Pros: Comprehensive, valuable information
Cons: Needs to be better known
Blue Book of Gun Values
Blue Book of Gun Values, 27th Edition, by SP Fjestad (2006)
This book sells over a million copies whenever a new edition comes out, so it is extremely popular even though many persons reading this may not have heard of it.
It is shocking to me, a firearms and history enthusiast, that the Blue Book of Gun Values - the recognized Bible of firearms pricing - has not been reviewed yet on the wonderful shoppers paradise that is Epinions. I know that many of you reading this are enthusiasts also because I attend the local gun shows and they are continually packed to the rafters with interested parties buying and selling and many of them use this book to determine what is fair and reasonable.
There are many times this book comes in handy. First of all, nobody can be in touch with every single model and variation of firearm produced by manufacturers today, let alone all the firearms produced since the industrial revolution. But that's what the Blue Book lists, pretty much anything made since cartridge firearms became the norm, about 1870 or so. For Colt firearms, that have such an intimate connection with American history, they go all the way back to the origins of the company in 1836.
The 1,700-page book is arranged in alphabetical order with the usual prefatory information like a table of contents, a few articles and ads for things like the National Rifle Association and National Firearms Museum, both highly recommended, by the way, then there follows a grading section that shows glossy full-color photographs of guns in various grades of condition. The photos are crystal clear and give a very good idea of where the wear occurs in the finish of various firearms. In collecting, condition is everything. There can be many, many dollars of difference in only minor differences of condition when you are examining a rare firearm, so it pays to do your homework before you part with some of your scarce resources (money) to take home a piece for your collection. Just to give you an example, an original Colt Single Action Army - the popular cowboy six-shooter seen in countless western movies can range in value from $450 to half-a-million bucks. !! It pays to know which one you are holding in your hand!
Once you get past the grading material, the paper turns to newsprint type and goes through the known makers of firearms from A to Z, with each model verbally described and pricing in several grades of condition listed.
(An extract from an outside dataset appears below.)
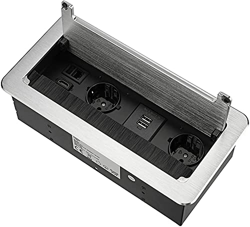 2 prese a scomparsa + HDMI + USB + LAN Internet - alluminio pressofuso - lembo morbido - argento
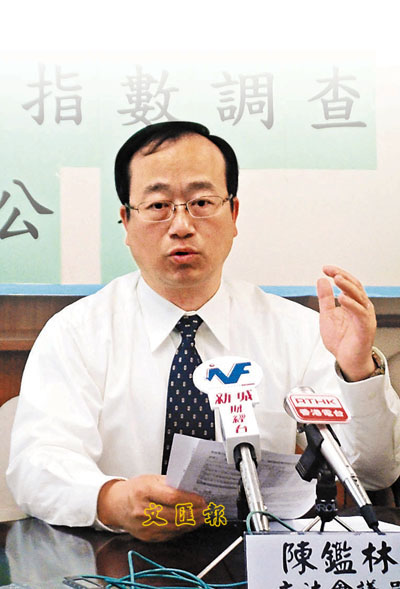 ■立法會議員陳鑑林於昨日公佈及講解「消費者信心指數」調查結果。

By any chance if you find a firearm that is not listed in the main section, you will often find it in the "Store Brand Crossover" section. Some firearms manufacturers specialized in making guns for sellers like Sears & Roebuck, Western Auto, True Value, and many other concerns. These models are cross-referenced and will allow you to determine who actually manufactured the gun you are examining. This book along with The Standard Catalog of Smith & Wesson stay on the top shelf of my library. If you are a firearms enthusiast, you need one of these, too.